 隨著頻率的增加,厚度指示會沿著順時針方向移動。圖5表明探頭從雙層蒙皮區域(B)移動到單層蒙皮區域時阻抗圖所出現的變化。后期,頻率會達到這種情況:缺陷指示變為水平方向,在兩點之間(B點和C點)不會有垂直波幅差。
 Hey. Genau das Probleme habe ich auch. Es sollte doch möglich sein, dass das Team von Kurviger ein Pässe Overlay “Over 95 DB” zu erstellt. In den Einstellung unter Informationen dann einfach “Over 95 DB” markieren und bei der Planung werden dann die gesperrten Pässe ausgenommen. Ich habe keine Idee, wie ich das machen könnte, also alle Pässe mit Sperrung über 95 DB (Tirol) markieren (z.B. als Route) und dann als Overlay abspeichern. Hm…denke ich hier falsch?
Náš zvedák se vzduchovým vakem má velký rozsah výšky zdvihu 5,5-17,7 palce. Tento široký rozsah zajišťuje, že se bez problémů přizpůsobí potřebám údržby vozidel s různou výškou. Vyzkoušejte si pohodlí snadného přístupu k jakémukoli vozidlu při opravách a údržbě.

---

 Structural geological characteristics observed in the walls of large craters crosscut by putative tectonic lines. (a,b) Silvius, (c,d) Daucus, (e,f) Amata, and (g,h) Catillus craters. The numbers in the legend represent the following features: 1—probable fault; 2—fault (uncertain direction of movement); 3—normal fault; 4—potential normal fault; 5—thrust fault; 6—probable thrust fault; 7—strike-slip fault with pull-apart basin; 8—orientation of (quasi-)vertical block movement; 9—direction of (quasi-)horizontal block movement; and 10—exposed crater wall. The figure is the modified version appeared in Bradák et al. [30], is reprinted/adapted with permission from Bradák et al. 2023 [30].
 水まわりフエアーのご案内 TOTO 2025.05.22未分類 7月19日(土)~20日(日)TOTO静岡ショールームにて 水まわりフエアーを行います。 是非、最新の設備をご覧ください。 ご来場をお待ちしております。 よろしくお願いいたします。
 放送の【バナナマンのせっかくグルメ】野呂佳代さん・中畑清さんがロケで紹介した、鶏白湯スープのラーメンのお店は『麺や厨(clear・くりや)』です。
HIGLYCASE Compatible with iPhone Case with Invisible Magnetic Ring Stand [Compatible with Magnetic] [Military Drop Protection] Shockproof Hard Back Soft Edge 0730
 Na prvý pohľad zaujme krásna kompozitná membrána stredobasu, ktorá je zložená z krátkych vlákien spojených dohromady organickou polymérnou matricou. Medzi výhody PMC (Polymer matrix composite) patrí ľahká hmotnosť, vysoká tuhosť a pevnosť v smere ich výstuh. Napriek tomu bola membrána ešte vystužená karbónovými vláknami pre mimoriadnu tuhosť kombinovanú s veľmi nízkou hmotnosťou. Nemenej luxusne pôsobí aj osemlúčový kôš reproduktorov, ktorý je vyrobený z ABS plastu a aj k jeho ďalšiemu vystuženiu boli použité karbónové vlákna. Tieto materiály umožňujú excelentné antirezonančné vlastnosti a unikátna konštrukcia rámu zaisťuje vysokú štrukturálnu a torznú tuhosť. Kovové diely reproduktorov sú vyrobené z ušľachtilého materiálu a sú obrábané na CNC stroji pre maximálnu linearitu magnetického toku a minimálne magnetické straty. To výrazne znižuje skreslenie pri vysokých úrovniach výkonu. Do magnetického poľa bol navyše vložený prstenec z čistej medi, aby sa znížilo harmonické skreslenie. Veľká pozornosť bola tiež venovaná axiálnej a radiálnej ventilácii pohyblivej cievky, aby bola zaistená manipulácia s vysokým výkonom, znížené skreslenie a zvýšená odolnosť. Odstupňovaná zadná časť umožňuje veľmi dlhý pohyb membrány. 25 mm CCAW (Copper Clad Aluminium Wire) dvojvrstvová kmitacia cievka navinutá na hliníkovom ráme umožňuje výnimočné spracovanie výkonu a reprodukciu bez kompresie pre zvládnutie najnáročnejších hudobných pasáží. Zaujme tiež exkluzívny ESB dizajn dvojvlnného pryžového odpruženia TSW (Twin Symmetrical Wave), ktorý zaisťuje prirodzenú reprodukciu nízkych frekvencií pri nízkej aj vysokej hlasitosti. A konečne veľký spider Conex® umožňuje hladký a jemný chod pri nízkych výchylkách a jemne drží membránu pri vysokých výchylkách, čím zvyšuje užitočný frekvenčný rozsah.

» **YOUR TASK**
Would you please copy exactly the part of the entries above that begins at the line containing "放送の【バナナマンのせっかく" and ends at the line containing "HIGLYCASE Compatible with", both lines included?

» **ANSWER SECTION**
 放送の【バナナマンのせっかくグルメ】野呂佳代さん・中畑清さんがロケで紹介した、鶏白湯スープのラーメンのお店は『麺や厨(clear・くりや)』です。
HIGLYCASE Compatible with iPhone Case with Invisible Magnetic Ring Stand [Compatible with Magnetic] [Military Drop Protection] Shockproof Hard Back Soft Edge 0730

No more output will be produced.